- [WHAT YOU WILL DO] Exactly the lines below, starting with the one containing "3 carat Pear" and going on through the one containing "Dipinto ad olio", must be reproduced, both ends included, and no pictures with them.

- [RAW DATA]
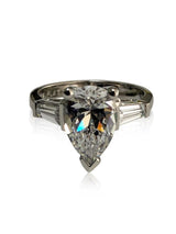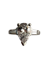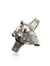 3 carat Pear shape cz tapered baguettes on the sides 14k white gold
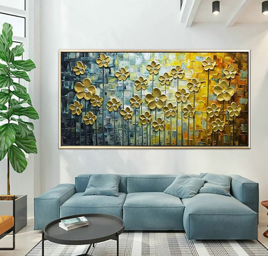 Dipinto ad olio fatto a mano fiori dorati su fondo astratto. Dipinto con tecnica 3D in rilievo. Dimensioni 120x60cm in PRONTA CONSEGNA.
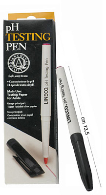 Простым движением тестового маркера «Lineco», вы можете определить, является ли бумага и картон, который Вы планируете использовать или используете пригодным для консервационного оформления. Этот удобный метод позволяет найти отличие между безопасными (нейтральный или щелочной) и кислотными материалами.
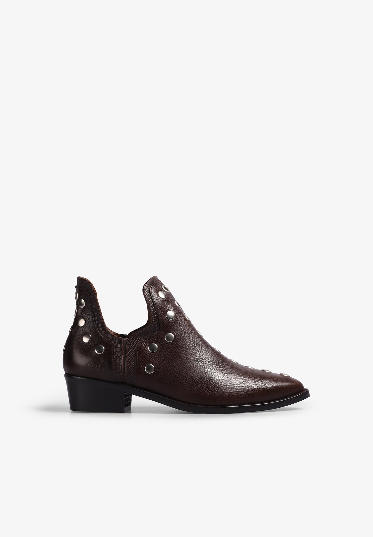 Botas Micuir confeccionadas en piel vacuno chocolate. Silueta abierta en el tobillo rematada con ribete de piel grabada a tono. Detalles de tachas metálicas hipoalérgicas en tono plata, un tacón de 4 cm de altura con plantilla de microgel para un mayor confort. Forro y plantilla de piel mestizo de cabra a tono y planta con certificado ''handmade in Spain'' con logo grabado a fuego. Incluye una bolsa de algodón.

* * *

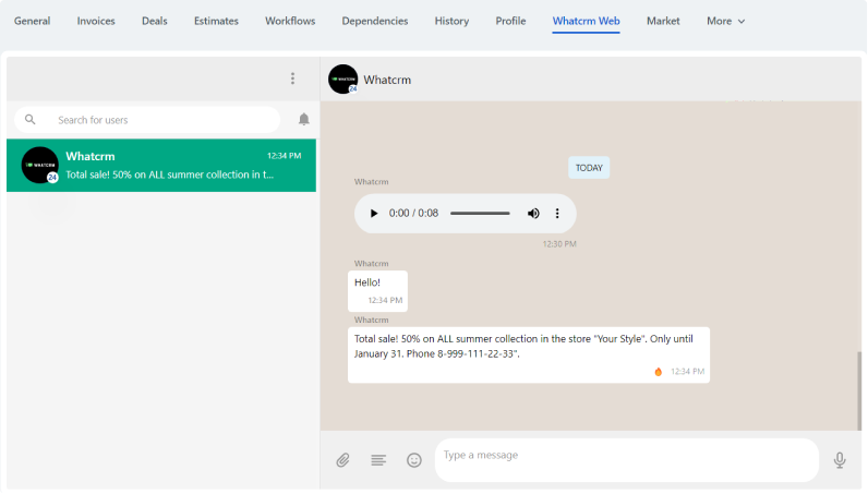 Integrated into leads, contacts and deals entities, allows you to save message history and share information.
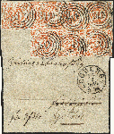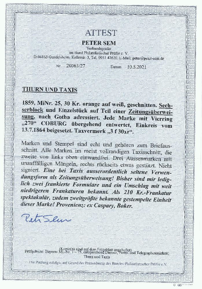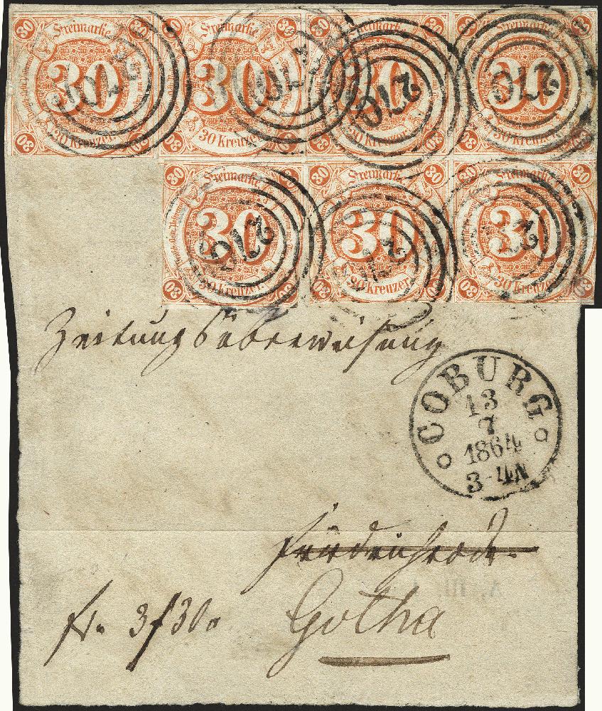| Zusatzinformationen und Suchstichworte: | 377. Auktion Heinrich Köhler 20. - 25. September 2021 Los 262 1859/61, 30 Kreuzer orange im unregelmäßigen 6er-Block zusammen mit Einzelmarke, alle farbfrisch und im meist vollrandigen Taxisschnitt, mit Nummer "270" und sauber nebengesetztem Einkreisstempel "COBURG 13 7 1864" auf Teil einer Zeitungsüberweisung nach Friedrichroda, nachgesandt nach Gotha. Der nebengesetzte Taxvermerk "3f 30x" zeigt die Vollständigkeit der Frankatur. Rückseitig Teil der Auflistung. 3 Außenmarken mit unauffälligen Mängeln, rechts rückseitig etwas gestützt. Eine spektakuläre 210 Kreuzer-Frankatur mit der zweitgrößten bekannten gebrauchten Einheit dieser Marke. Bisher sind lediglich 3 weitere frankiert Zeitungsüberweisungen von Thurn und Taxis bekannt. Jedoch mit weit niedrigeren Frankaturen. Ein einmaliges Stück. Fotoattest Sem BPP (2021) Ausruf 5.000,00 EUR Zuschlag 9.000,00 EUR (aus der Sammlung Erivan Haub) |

- [EXERCISE SOLUTION]
 3 carat Pear shape cz tapered baguettes on the sides 14k white gold
 Dipinto ad olio fatto a mano fiori dorati su fondo astratto. Dipinto con tecnica 3D in rilievo. Dimensioni 120x60cm in PRONTA CONSEGNA.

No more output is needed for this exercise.